Often, parents of a child with special needs worry about their child’s ability to qualify for assistance. Not everyone with special needs is a child, though. Sometimes, adults with disabilities want to set up a special needs trust with themselves as the beneficiaries so that they can qualify for government assistance. For example, a person who suffers a catastrophic injury in a car accident may want to set up a trust and fund it with the insurance settlement or court judgment.
Fortunately, the Special Needs Trust Fairness Act allows people to do just that.
Before this legislation, only parents, guardians, grandparents or the court could create special needs trusts. As a result, people often had to apply to the court, which caused delays and came with expenses, or else seek a family member to take care of the paperwork on their behalf.
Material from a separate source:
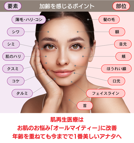肌再生医療はそんな悩み箇所を自然にエイジングし、たるみ・シワ・毛穴・ニキビ跡などを改善し、

Only people between the ages of 18 and 64 may set up a first party special needs trust. As with any estate planning tools, the person must be mentally competent. For a will, this means people need to be able to understand what they are doing, what they own and who the will affects through inclusions and exclusions. The measure for testamentary capacity is greater for trusts because these contracts are more complex.
People who set up trusts must be able to communicate either verbally or by other means, and must understand how the trust affects their rights and responsibilities, and any duties the trust imparts to them. They must understand the likely consequences of creating the trust, and what risks, alternatives and benefits come from creating it.
Because the assets in the trust allow the person to qualify for government assistance, when the beneficiary dies, the money in the trust must go back to the state. The California Department of Health Care Services may recover up to the amount that covers the assistance the beneficiary received from Medi-Cal.